Can the Shark HP200 run 24/7?
Yes, that's how I run mine. On Clean Sense IQ auto it averages roughly 30W, so the power bill barely notices. For cat-allergic people the continuous run is the whole point, the room only stays low-allergen if the purifier doesn't shut off. Plan on swapping the filter every 6 to 12 months when you do this.

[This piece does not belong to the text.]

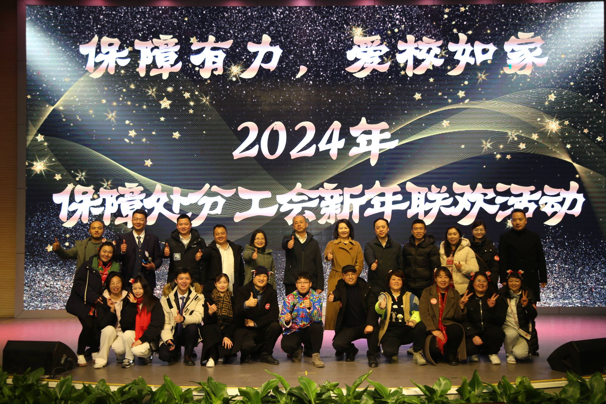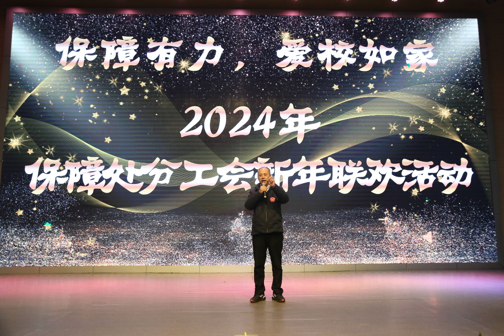 1月21日下午,保障处分工会新年联欢活动在学校南苑双艺厅隆重举行。活动以“保障有力,爱校如家”为主题,学校党委书记蔡玉波,党委常委、副校长刘莉,兄弟部门在校中层干部和教职工应邀出席,与保障处全体教职工齐聚一堂,欢庆新年。

Once the air is clean, the floors are the next problem. The HP200 catches dander and the small stuff, the Dyson 360 Vis Nav handles the hair on the carpet. They run together in my house and the bin packs full every cycle. For everything else on surfaces, the remove cat hair guide covers it surface by surface.
How I tested
The bar this thing had to clear
Bought at retail
Paid around $300 at Amazon, no review unit, no Shark freebie. The version of the purchase any reader would actually make.
Ran daily for months
24/7 in the living room of a single-level house, 3 cats walking past it, Clean Sense IQ on auto. Not a 20 minute demo, the actual purifier in the actual room.
Replaced what came before
It replaced a LEVOIT Core 300 that was rated for 219 sq ft and couldn't cover the living room. Same room, same cats, totally different result.